Germany has set out staged closures for coal and lignite assets over almost two decades in legislation finalised around 18 months after the government-appointed commission published its initial recommendations in January 2019.
A lot has changed since then. Gas markets have fallen to record lows, carbon prices reached decade highs and European countries have either pledged to faster coal phase-outs, as in the case of Portugal as recently as this week, or have seen coal generation fall to zero for significant periods, as seen in the UK.
In Germany itself, economics has not favoured hard coal assets in 2020. Output has fallen to its lowest total on record over the first half of the year while gas production has risen to a decade high .
Looking at clean dark spreads, which calculate future profitability given carbon and coal prices, for the rest of the year and in 2021, the margins for coal generators are unlikely to improve. Gas-fired generation is set to remain significantly more profitable.
Given that Germany has an abundance of underutilised gas plants in its thermal fleet, the level of fuel switching is limited to the heights to which carbon prices can reach and the depths to which gas prices can fall.
ICIS analysis that considered an extreme bearish gas scenario demonstrated that there is much room for further fuel switching in Germany and other countries. We also expect bullish carbon prices over at least the first half of the decade will mean that coal operators will struggle to turn a profit.
The current gas and carbon price context casts a fresh light over the German coal phase-out law which in terms of deadlines for capacity closures, is largely unchanged from the initial commission proposals in January 2019.

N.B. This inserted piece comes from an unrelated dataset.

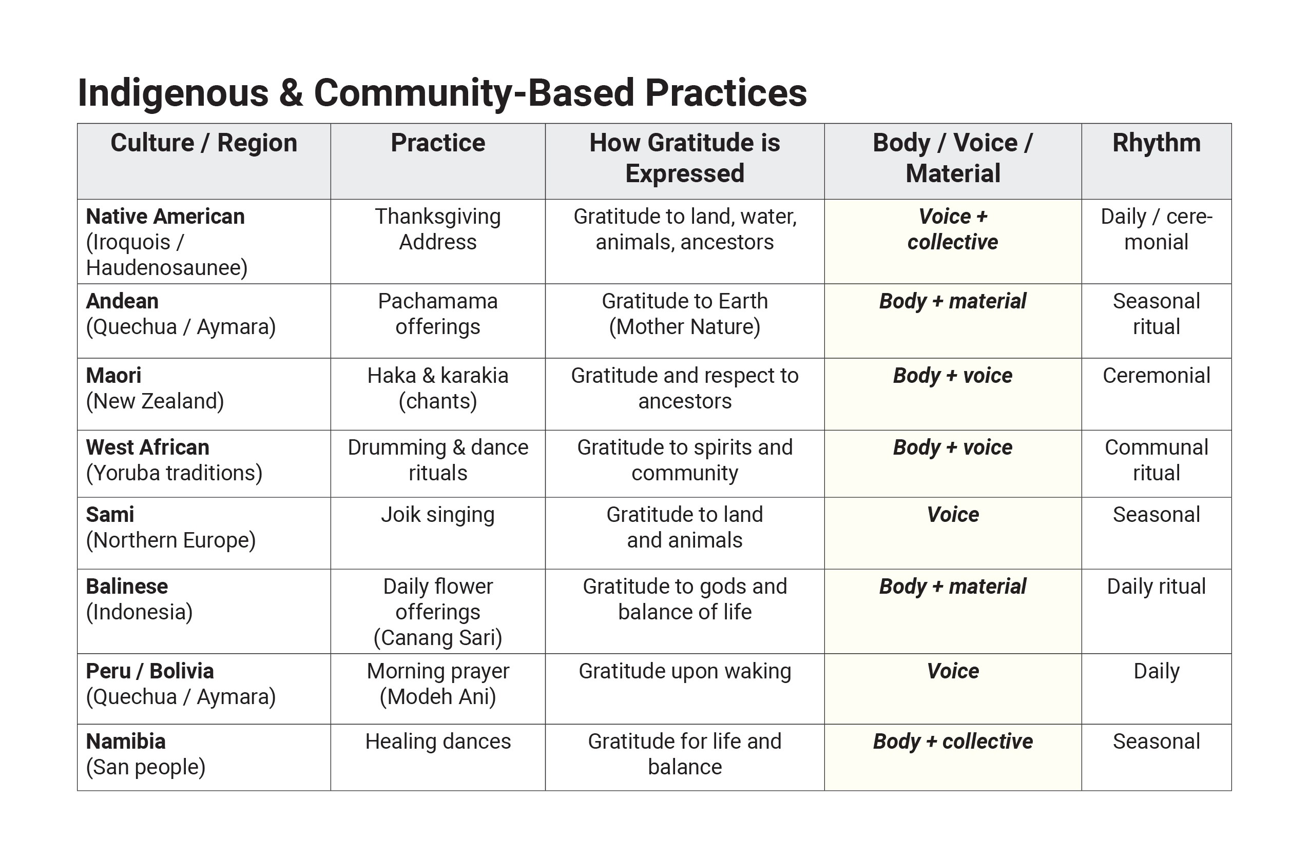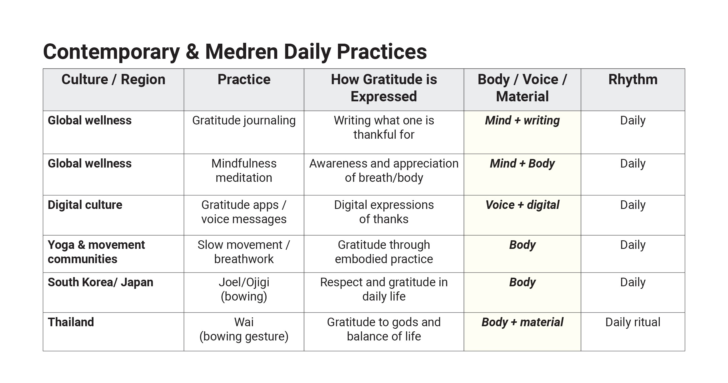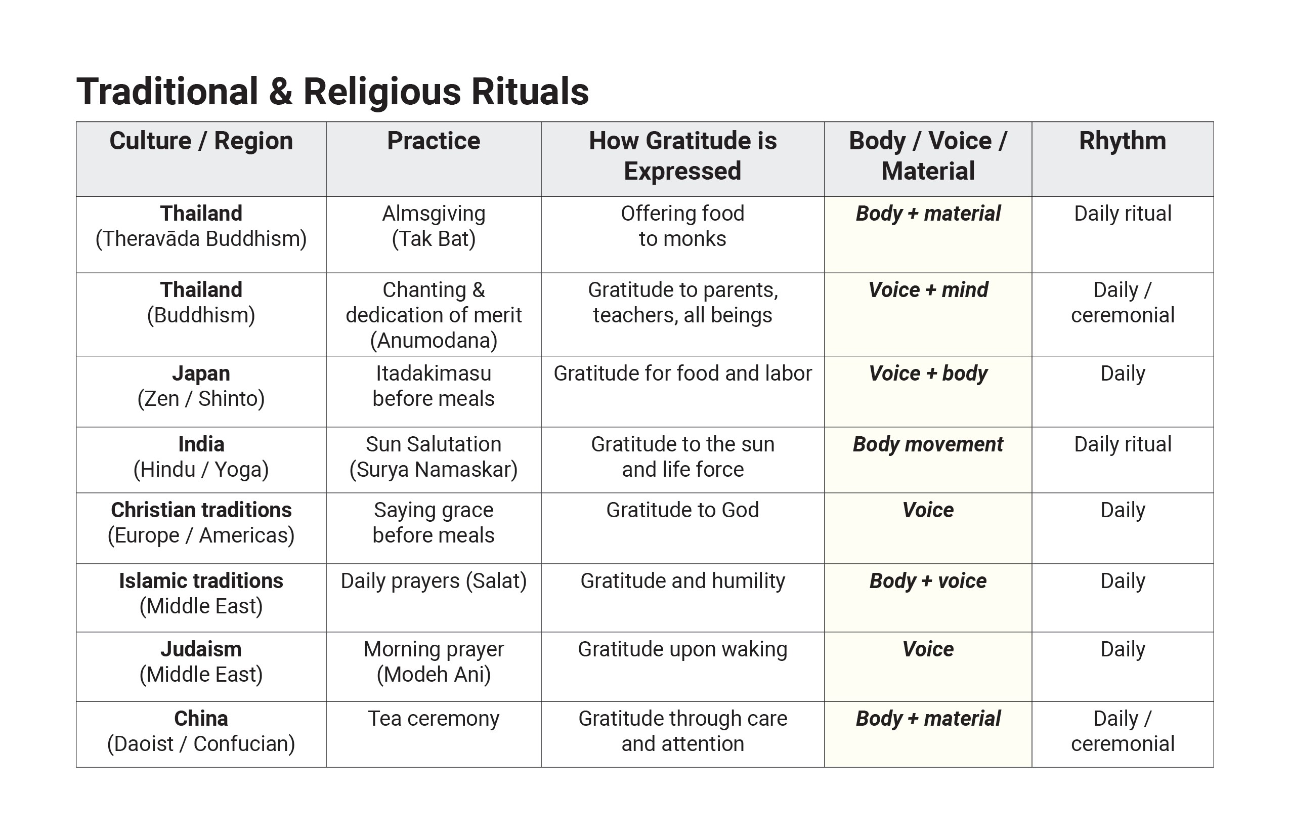 Research table of existing gratitude practices across modern and traditional cultures, focusing on voice, bodily action, and material expression. — Pattaraporn (Porpla) Kittisapkajon

While coal and lignite operators hedge their power in advance to insulate against commodity price movements and the impact of a huge carbon upswing as a result, the incentives provided by the German government to close assets ahead of schedule, coupled with a substantially weaker profit outlook for the 2020s than expected only a few years ago, means that the incentive to close assets ahead of schedule is strong. Initial compensation in retirement auctions that start this year for hard coal plants begins at €165,000/MW.
Security of supply is likely to become an increasing issue in Germany with the country phasing out nuclear capacity by the end of 2022. Nuclear production accounted for 13% of power generation in 2019. Sluggish onshore wind expansion also means that renewable growth is slowing relative to the last decade. Supply may become tight, pushing up German power prices, raising the possibility of potential reliance on imports of French nuclear, and offering a lifeline to coal operators.
However, the political pressure is building to close coal earlier than 2038. Germany’s paradox lies in the fact that it is both one of the world’s largest renewable power generators but also among the dirtiest polluters.
With EU policy firmly set on clean energy be it in the overarching Green Deal policy, the focus on green hydrogen in a recent strategy document, or climate targets in 2030 and 2050, Germany, which recently assumed the council presidency, will face increasing pressure from member states to close its coal plants earlier than 2038. The current market dynamics mean that shutting coal plants has never been easier.